Toyota defines waste as seven types of activities that do not add value for the customer.
Transportation: Any action that moves product, information or materials from one place to another results in waste. In the example above, waste is created when moving plants from the field to the warehouse, re-organizing plants during cleaning and into customer orders, and moving plants into trucks.
Inventory: Accumulating more than the minimum needed for a process, such as batching product during pulling, during cleaning and tagging, and in the warehouse as it waits for the last group to come in, are examples of waste.
Motion: Movement of people often yields waste. The example above is full of motion waste — the product is picked up and put down excessively in the process.
Waiting: Waste happens when people, raw materials or product are idle. The product waits on racks for cleaning, then waits for the remainder of the day’s orders to be brought into the shipping warehouse. Crew members often wait for trailers or for instructions from supervisors on what to do next.
Overprocessing: Doing things beyond the needs of the customer is wasteful. This might be taking extra steps to clean the product beyond customer requirements, or searching the field to find the perfect product, rather than grabbing the first product that meets specifications of the customer.

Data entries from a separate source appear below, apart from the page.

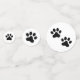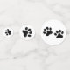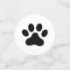 Confetti featuring printed black pet paw prints on a white background. Change paw print and background colour in the design tool.
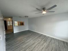 As you enter, you are welcomed by a spacious Great Room and attractive gray-toned laminate flooring that flows throughout the home, creating the look of modern wood flooring. The updated Kitchen features the same stylish flooring, stainless steel finish appliances including smooth-top range, refrigerator, built-in microwave, and dishwasher. From the Kitchen is the access to the screened back porch. Downstairs, you will also find a convenient half bath and a laundry closet with washer and dryer hookups.
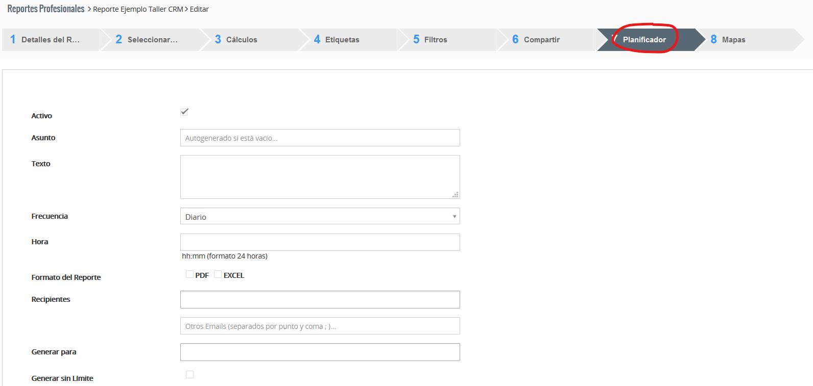 De forma predeterminada, el Planificador está inactivo. No olvide marcar “Activo” para ejecutar este informe utilizando el programador de flujo de trabajo.
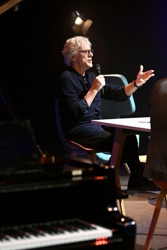 Stewart Copeland z grupy Police na zajęciach mistrzowskich ze studentami z kampusu Georges-Méliès w Cannes podczas MIDEM+24
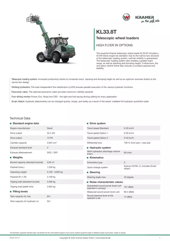 The powerful Kramer telescopic wheel loader KL33.8T includes a 55 kW Deutz engine as standard. Due to the narrow box structure of the telescopic loading system, optimal visibility is guaranteed. The telescopic loading system also enables a greater reach range, as well as stacking and dumping height. Furthermore, the one-piece vehicle frame also ensures a constant payload and stability.
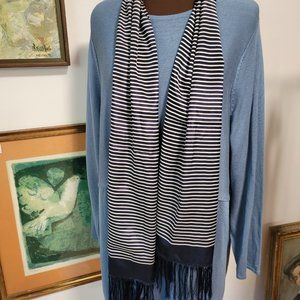 Versatile Rectangular Blue and White 100% Silk Scarf

Overproduction: Producing more than customers buy — or making it sooner than customers need it — are both forms of waste. Growing on speculation will naturally bring some overproduction and is a strategic choice you might find desirable. However, there can also be waste in your daily process. For example, when crews are pulling more product than is needed for a given order that is overproduction, which results in buildup of inventory.
Defects: Waste is made when a process has to be repeated or reworked; when a product must be fixed due to lack of information, standard work or knowledge about the process; and when mistakes occur. Waste is eliminated when the process is fixed, making it easy for people to do the right thing.
The goal of Lean is to eliminate as much waste as possible, in a way that respects the people working in the company. When you see any of the above in your business, you’ve just found an opportunity to learn and improve.
“Lean gives us the framework for improving productivity in our business,” said Mark Montville, nursery manager with PRT Oregon. “By looking at the seven wastes — and working to remove them — we are more productive and we give more value to our customer than ever before. By looking at value and waste from this perspective, I see new opportunities to improve this business every day.”
Nursery professionals must learn to “see” waste in its various forms before it can be removed or reduced. The Japanese have learned to go to the gemba — the place where the work is done — to see waste as it is happening. Approach the gemba with a learning attitude and appreciation for the people doing the work.
Lean is not a cost-reduction program or one-time “fix it” tactic, but a long-term perspective on how to do business with a disciplined structure for eliminating waste. With this perspective, go to the gemba today and see how much waste you can find! After all, the customer does not pay for waste; the grower does.